Observations using the MERIS sensor of the now defunct ENVISAT satellite in Markermeer Lake (Netherlands) [6], whose mean depth is 3.6 m, confirm that the wind at 10 km h⁻¹ is responsible for high TSM concentrations in its waters. In this particular case, the base TSM concentration is above 20 mg L⁻¹, and when the wind becomes moderate, the concentration increases as well, similar to the other lakes mentioned above. This confirms the independence between the natural suspended matter of a body of water depending on its trophic state, and that which it presents in times of moderate to fresh winds, especially in shallow lakes, such as the Albufera of Valencia. The model studied in Markermeer Lake also confirms our observations that the highest turbidity occurs in the windward areas, while the windward shores are less affected, and therefore, the relatively lower TSM values are observed (Figure 8). In Lake Taihu, with this same sensor, the correlation of mean daily wind with water transparency has also been estimated [37], presenting a coefficient of determination between these variables of 0.80; in the case of the Albufera, the values have been lower (Figure 5), but also significant.
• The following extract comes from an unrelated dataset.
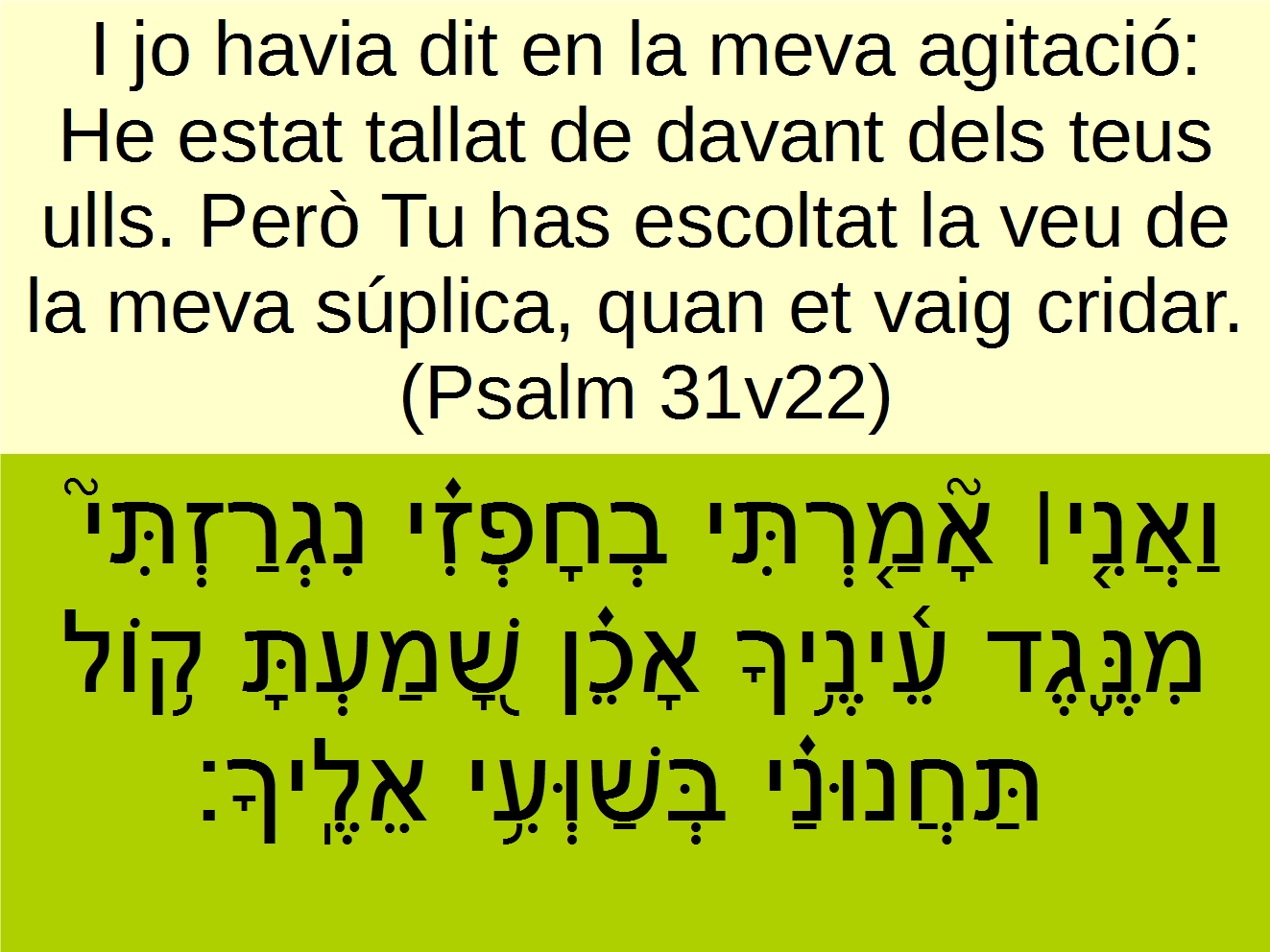 Psalm 31v22 I jo havia dit en la meva agitació: He estat tallat de davant dels teus ulls. Però Tu has escoltat la veu de la meva súplica, quan et vaig cridar. וַאֲנִ֤י׀ אָ֘מַ֤רְתִּי בְחָפְזִ֗י נִגְרַזְתִּי֮ מִנֶּ֪גֶד עֵ֫ינֶ֥יךָ אָכֵ֗ן שָׁ֭מַעְתָּ ק֥וֹל ת

It is possible that in the Albufera, the presence of phytoplankton also influences water transparency, given that chlorophyll concentrations are twice as high as in Lake Taihu and water transparency similar.

It is necessary to improve the knowledge of TSM concentrations in the Albufera to assess the possibility of removing suspended matter to the sea when the wind resuspends the sediment. Future work will be oriented towards sampling on days with moderate to fresh winds to correlate the data with the high TSM values, and thus, know the reliability of the measurements obtained from Sentinel-2 with the Sen2Cor processor.

5. Conclusions

The prevailing wind in the Albufera of Valencia is mostly from the east or west. The easterly winds are light and gentle breezes, while the westerly winds are usually moderate to fresh breezes, as well as persistent for several days, between three and seven days. The study shows that there is a significant correlation between the values of the average daily wind speed in the area of the Albufera of Valencia and the concentration of total suspended matter in the water, affecting in such a way that with winds higher than 10 km h⁻¹ there is resuspension of the fine sediment material that also decreases the transparency of the water. However, no correlation between chlorophyll a concentration and wind has been observed. Since sampling in the lagoon has so far been carried out on days with weak and light winds, there are no data to know the real concentration of suspended matter in the water at those times. Therefore, they have been estimated from the images of the multispectral sensor (MSI) of the Sentinel-2 satellite, whose values calculated with the Sen2Cor processor are valid, given that in other shallow lakes, the concentration values described are similar to those of the Albufera of Valencia. Future work will focus on this validation between experimental data and data estimated by remote sensors.